§ WHAT IS BEING ASKED
All lines below starting at the one that holds "Here’s the first" and ending at the one that holds "2019年4月,杭州濱江區人" should be printed exactly, ends included. Pictures should not be printed, nor anything else.

DATA PROVIDED Start Marker

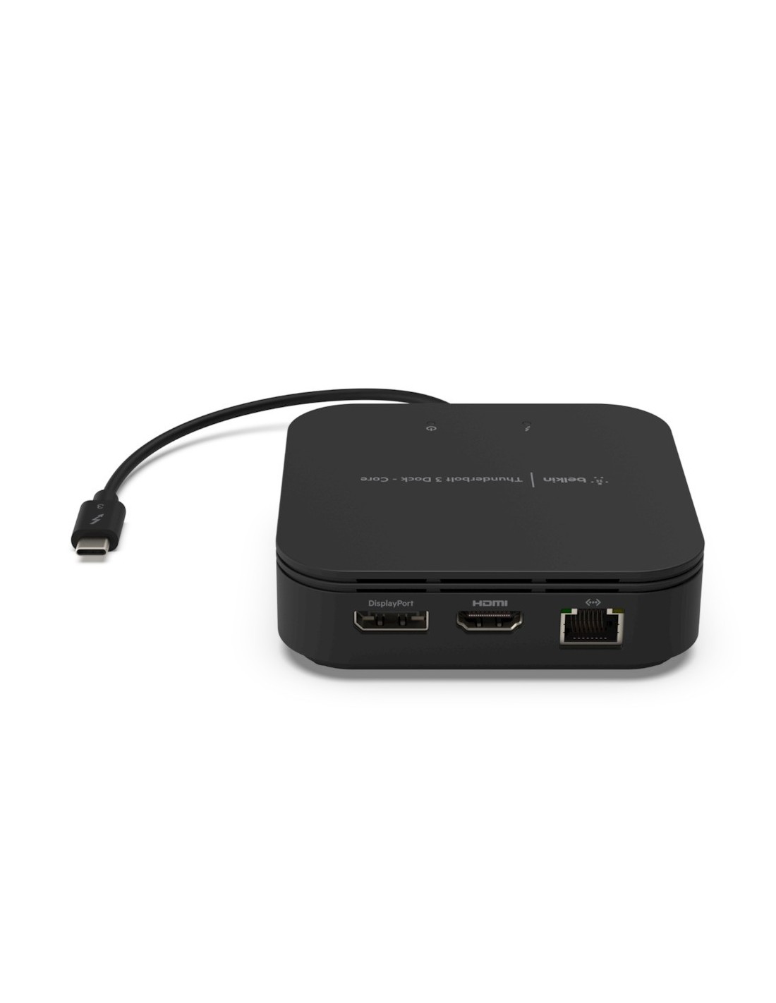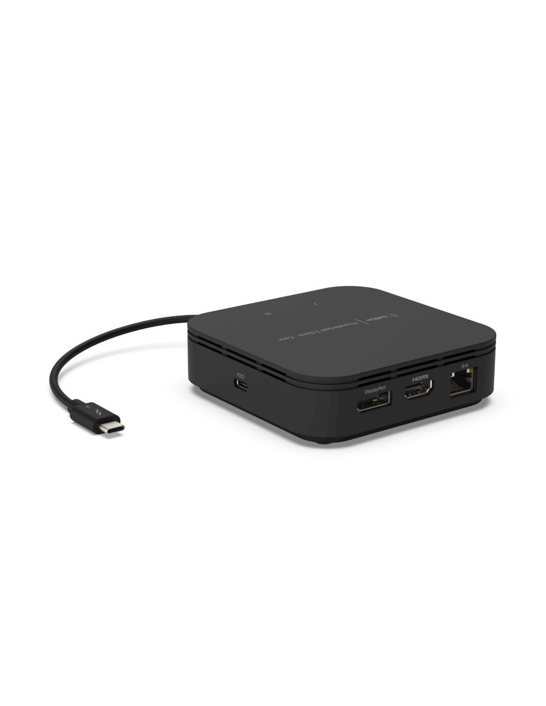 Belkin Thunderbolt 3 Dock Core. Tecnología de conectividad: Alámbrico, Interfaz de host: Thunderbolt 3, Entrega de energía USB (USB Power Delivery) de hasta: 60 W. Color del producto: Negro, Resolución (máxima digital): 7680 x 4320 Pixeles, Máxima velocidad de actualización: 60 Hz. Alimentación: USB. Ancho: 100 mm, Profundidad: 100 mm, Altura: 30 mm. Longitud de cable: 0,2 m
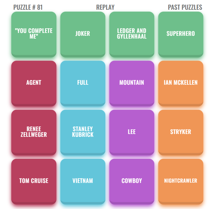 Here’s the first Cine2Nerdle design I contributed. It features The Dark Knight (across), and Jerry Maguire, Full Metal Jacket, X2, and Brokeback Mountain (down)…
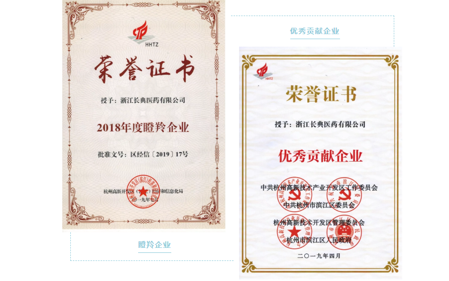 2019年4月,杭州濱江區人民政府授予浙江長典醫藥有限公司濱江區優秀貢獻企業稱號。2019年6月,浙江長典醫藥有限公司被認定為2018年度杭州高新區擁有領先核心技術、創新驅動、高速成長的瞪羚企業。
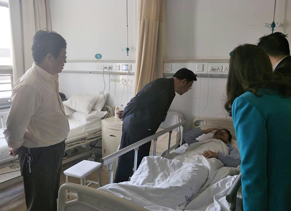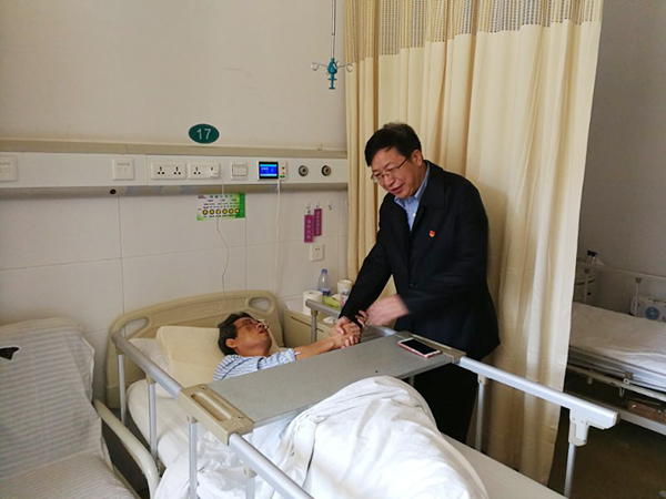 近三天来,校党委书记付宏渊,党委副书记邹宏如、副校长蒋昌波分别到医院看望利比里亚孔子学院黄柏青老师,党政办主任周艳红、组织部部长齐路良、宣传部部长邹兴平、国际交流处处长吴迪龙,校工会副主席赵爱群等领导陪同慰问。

DATA PROVIDED End Marker

§ ANSWER TO THIS TASK
 Here’s the first Cine2Nerdle design I contributed. It features The Dark Knight (across), and Jerry Maguire, Full Metal Jacket, X2, and Brokeback Mountain (down)…
 2019年4月,杭州濱江區人民政府授予浙江長典醫藥有限公司濱江區優秀貢獻企業稱號。2019年6月,浙江長典醫藥有限公司被認定為2018年度杭州高新區擁有領先核心技術、創新驅動、高速成長的瞪羚企業。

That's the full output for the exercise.